We are starting the second week of an 8-week online graduate course for Northeastern University titled Technology as a Medium for Learning (EDU-6323).
During this course, the middle six weeks explore different aspects of edtech, while we read and reflect on the learning science lessons embedded in Michelle Miller’s book Minds Online. This week, the topic is blogging, so it made sense to write a blog post … and use it to ask the 22 students in the current class some questions.
I love the diversity in this class. We have 13 New Englanders, 3 Californians, 2 Georgians, me and another student in Virginia, one in Seattle and one in Uganda Africa. A ten time zone separation!

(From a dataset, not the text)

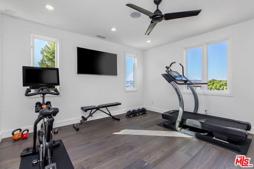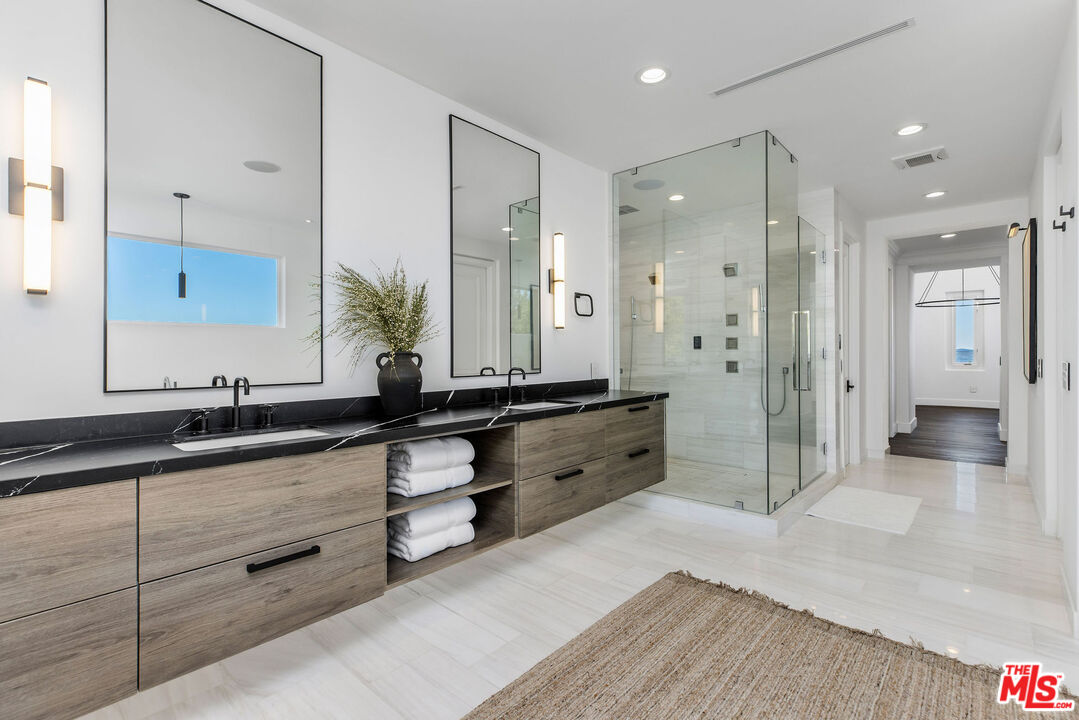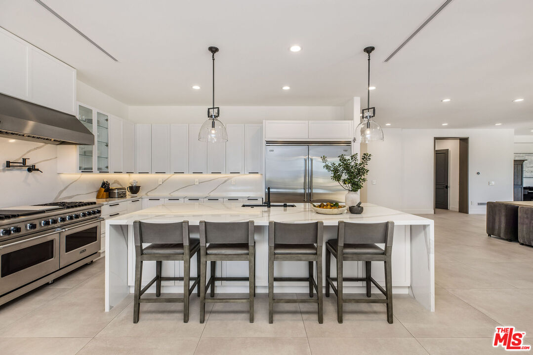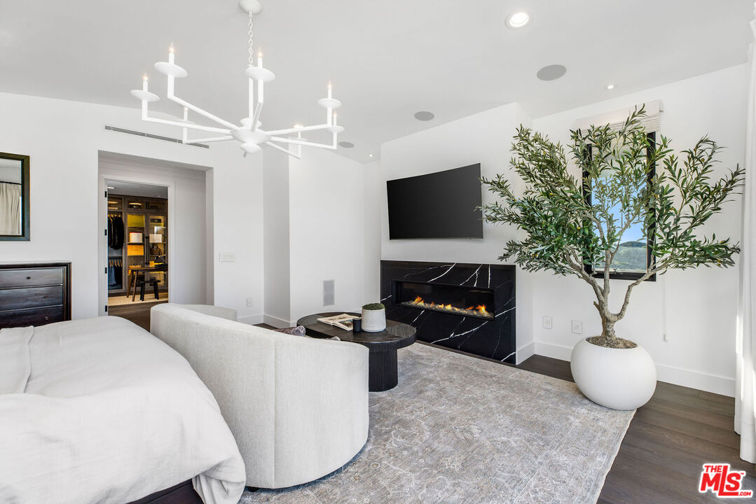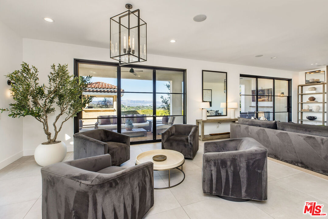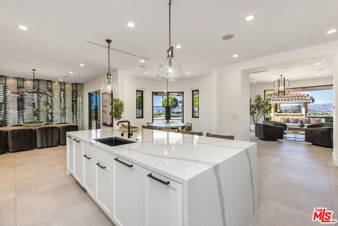 Perched atop a private vantage point behind its own gated entrance, this extraordinary estate spans 7,000 sq. ft., offering an exquisite fusion of timeless elegance and contemporary luxury. Every detail has been meticulously curated, presenting a masterfully designed residence with 270-degree uninterrupted views that captivate from sunrise to sunset. Step inside to soaring ceilings, abundant natural light, and a thoughtfully designed layout that seamlessly blends sophistication with warmth. Exquisite high-end finishes adorn every space, creating a home that is both inviting and impressive. At the heart of the home, the gourmet chef's kitchen stands as a culinary masterpiece, featuring dual waterfall-edge quartz countertops, and a striking 200-bottle temperature-controlled wine wall. Concrete-look 48" porcelain tile floors provide a sleek, modern touch, while the formal living room's statement Suede Quartz fireplace enhances the ambiance. A home-wide surround sound system ensures an immersive experience throughout the residence. Designed for seamless indoor-outdoor living, custom 10' bi-fold steel doors open to an outdoor retreat. The outdoor kitchen and BBQ area set the stage for grand entertaining, complemented by a saltwater pool, in-ground fire pit, and private basketball courtperfect for both relaxation and recreation. Entertainment reaches new heights with a state-of-the-art, 9-seat home theater featuring a 120" screen and immersive surround sound. Indulge in a spa-inspired sanctuary, complete with heated bathroom floors, marble showers, and a private gym. The dedicated wellness area boasts a dry infrared sauna, steam shower and a offering the ultimate in-home relaxation experience. The primary suite is a tranquil escape, featuring a cozy fireplace, a spacious walk-in custom closet, a private terrace that frames breathtaking mountain views. Spanning 1.5 acres of manicured grounds, this estate offers a 4-car garage with additional parking for 6-7 vehicles. A cutting-edge 95kW solar system and backup generator ensure sustainability and seamless energy efficiency. More than a residence, this exceptional estate redefines luxury livinga rare opportunity behind the coveted gates of The Oaks in Calabasas.Interested in this Listing?

Given the global nature of this class, I set it up as an asynchronous class … yet much of the edtech feed lately seems to be all about making synchronous learning work. Just this morning in Faculty Focus, there was the article by Zahir Latheef on “Synchronous Strategies for the New Normal“. Yesterday, David Castandesa posted in eLearning Industry “5 Tips to Alleviate ‘Zoom Fatigue‘ During Your Classes and Meetings.
I like Zoom. I use it for consultations with my doctoral dissertation students and one-on-three meetings with prior colleagues. I am a member of Harold Jarche’s global Coffee Club that meets monthly on Zoom. Thanks to my college roommate Andy Wehrle, some of us from 8th Company Class of 1972 have been meeting by Zoom to break the monotony of the pandemic lockdown. (Zoom on the right – our Plebe Summer Mug Shots on the left)
But I question whether Zoom is the right fit for every elearning situation. I could snarkily say to David that he missed the sixth tip for Zoom Fatigue – Don’t Use It! But I have not given my class the opportunity to weigh in. My first question to my class is – given ten time zones – would you like synchronous meetings for our class? If so, how often? If so, what time(s)?
One of the reasons I question the need for synchronous meeting is the high degree of engagement we had during our first week. Not sure how many I sent during the past week (a lot), but the class sent 195 tweets. In the Canvas forum for introductions, there were 259 posts, and in the first week’s discussion forum, there were 155 posts. Latheef in the Faculty Focus article highlights the need for building community through faculty-student and student-student interaction. I agree that building community is critical (a firm believer in the Community of Inquiry model), and would submit that we are already doing that in Twitter and Canvas without needing Zoom.
Plus, as Derek Bruff noted, there are alternatives, like FlipGrid.
If I wanted to use more video with students outside the LMS, what tool should I consider using? I’m thinking of things like VoiceThread and GoReact and Flipgrid. Suggestions?
— Derek Bruff (@derekbruff) July 13, 2020
In fact, Enoch Hale noted in an email to me this morning that he is using Flipgrid for asynchronous (but visual) faculty development.
So, class and any others, comment below as to your preferences.
And speaking of visual, as I mentioned in a previous blog post, I decided to add some short personal intros to each week in the course.
Taking a page from Mike Wesch’s “Make Super Simple Videos for Teaching Online,” I have been sitting out on the back deck of my home making these one to five minute videos. I am interested in feedback from the class. Do they work for you? Is the tone right or too informal?
I still need to record Weeks 5-8 … but this is an opportunity to refine the process if needed.
So – two questions – and an example blog post. Whether you are a member of this class or simply an educator with a viewpoint, use the comment feature below to respond if so moved!